WORK REQUEST »
Could you write out the records below exactly as they appear, leaving out any pictures?

INFORMATION PROVIDED »
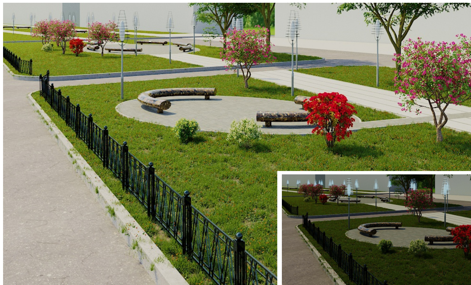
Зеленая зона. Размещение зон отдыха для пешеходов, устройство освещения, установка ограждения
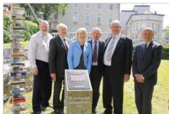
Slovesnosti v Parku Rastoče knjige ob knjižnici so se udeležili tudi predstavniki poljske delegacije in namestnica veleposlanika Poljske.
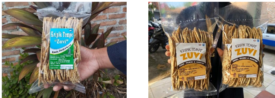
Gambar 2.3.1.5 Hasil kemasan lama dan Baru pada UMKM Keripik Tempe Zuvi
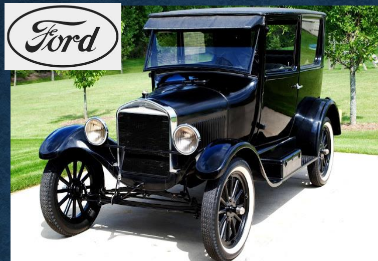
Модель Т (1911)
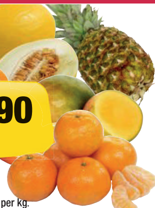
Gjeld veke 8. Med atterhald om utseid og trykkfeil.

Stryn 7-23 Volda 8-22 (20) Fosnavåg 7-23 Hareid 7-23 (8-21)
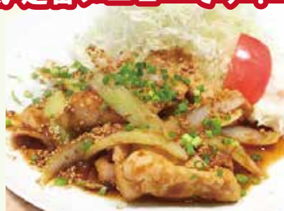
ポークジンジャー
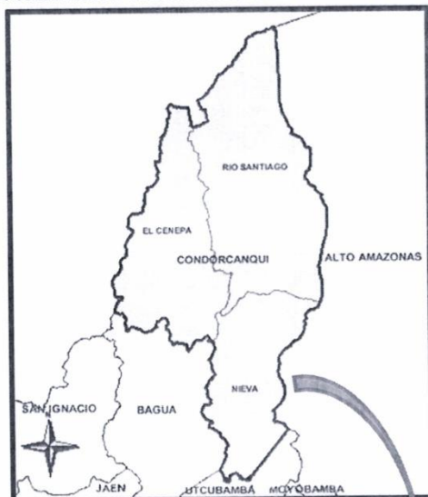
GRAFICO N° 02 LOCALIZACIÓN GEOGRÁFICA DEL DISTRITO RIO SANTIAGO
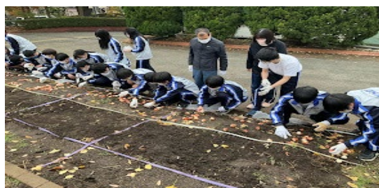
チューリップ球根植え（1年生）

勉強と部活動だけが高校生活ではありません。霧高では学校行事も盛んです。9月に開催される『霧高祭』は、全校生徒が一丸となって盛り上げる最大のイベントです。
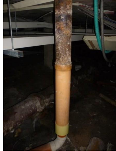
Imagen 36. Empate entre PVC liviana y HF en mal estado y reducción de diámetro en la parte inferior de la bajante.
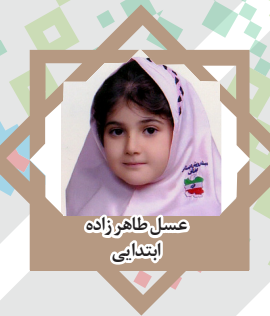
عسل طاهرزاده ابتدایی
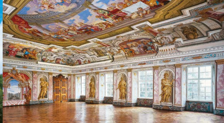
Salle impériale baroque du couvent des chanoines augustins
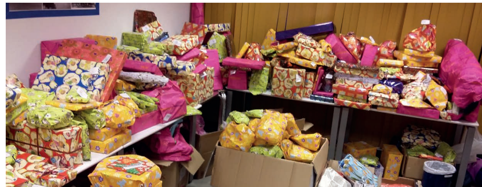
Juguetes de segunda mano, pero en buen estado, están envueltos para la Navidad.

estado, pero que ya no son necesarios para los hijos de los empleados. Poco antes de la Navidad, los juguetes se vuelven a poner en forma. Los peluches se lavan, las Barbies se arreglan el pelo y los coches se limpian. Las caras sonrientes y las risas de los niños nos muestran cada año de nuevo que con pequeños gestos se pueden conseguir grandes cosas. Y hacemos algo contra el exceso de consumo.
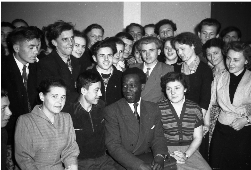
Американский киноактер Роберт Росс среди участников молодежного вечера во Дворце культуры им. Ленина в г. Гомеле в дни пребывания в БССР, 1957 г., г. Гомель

RESULT »
Зеленая зона. Размещение зон отдыха для пешеходов, устройство освещения, установка ограждения
Slovesnosti v Parku Rastoče knjige ob knjižnici so se udeležili tudi predstavniki poljske delegacije in namestnica veleposlanika Poljske.
Gambar 2.3.1.5 Hasil kemasan lama dan Baru pada UMKM Keripik Tempe Zuvi
Модель Т (1911)
Gjeld veke 8. Med atterhald om utseid og trykkfeil.

Stryn 7-23 Volda 8-22 (20) Fosnavåg 7-23 Hareid 7-23 (8-21)
ポークジンジャー
GRAFICO N° 02 LOCALIZACIÓN GEOGRÁFICA DEL DISTRITO RIO SANTIAGO
チューリップ球根植え（1年生）

勉強と部活動だけが高校生活ではありません。霧高では学校行事も盛んです。9月に開催される『霧高祭』は、全校生徒が一丸となって盛り上げる最大のイベントです。
Imagen 36. Empate entre PVC liviana y HF en mal estado y reducción de diámetro en la parte inferior de la bajante.
عسل طاهرزاده ابتدایی
Salle impériale baroque du couvent des chanoines augustins
Juguetes de segunda mano, pero en buen estado, están envueltos para la Navidad.

estado, pero que ya no son necesarios para los hijos de los empleados. Poco antes de la Navidad, los juguetes se vuelven a poner en forma. Los peluches se lavan, las Barbies se arreglan el pelo y los coches se limpian. Las caras sonrientes y las risas de los niños nos muestran cada año de nuevo que con pequeños gestos se pueden conseguir grandes cosas. Y hacemos algo contra el exceso de consumo.
Американский киноактер Роберт Росс среди участников молодежного вечера во Дворце культуры им. Ленина в г. Гомеле в дни пребывания в БССР, 1957 г., г. Гомель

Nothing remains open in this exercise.